WHGH
- Thomasville, Georgia; United States;
- Broadcast area: Tallahassee, Florida
- Frequency: 840 kHz
- Branding: Hot 840 Jams

Programming
- Format: Urban Contemporary

Ownership
- Owner: Moses L. Gross; (HGH Investments Corp.);

History
- First air date: 1980
- Former call signs: DWHGH (2012–2013)
- Call sign meaning: HGH Investments Corp.

Technical information
- Licensing authority: FCC
- Facility ID: 25773
- Class: D
- Power: 10,000 watts day
- Transmitter coordinates: 30°47′54.7″N 83°56′21.6″W﻿ / ﻿30.798528°N 83.939333°W

Links
- Public license information: Public file; LMS;

= WHGH =

WHGH (AM 840) is a radio station broadcasting an Urban Contemporary format., and licensed for Thomasville, Georgia, United States, in the Tallahassee, Florida area. The station is owned by Moses L. Gross, a black Thomas County Commissioner, through his HGH Investments Corporation.
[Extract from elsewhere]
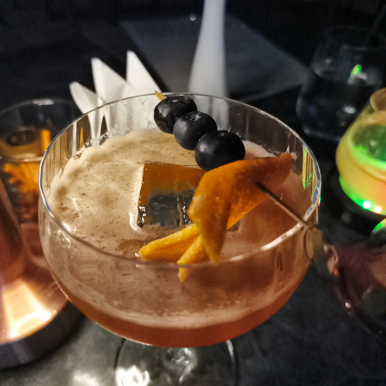 This media file captures a close-up shot of a cocktail in a coupe glass, set in a dimly lit bar or restaurant environment. The cocktail features a frothy head, a reddish-brown liquid, and a large, squ…read more

The station's license was cancelled and its callsign deleted from the Federal Communications Commission's database on April 6, 2012, for failure to renew. The licensee submitted a petition for waiver and reinstatement, claiming that "the loss of WHGH was represents a severe blow to the people it serves" and "The Commission should not let a rigid adherence to its rules result in the loss of yet another minority-owned voice in our Nation's media landscape." The FCC granted a waiver in June 2013, restoring the callsign and accepting a late renewal application, and granting special temporary authority to resume operations pending renewal.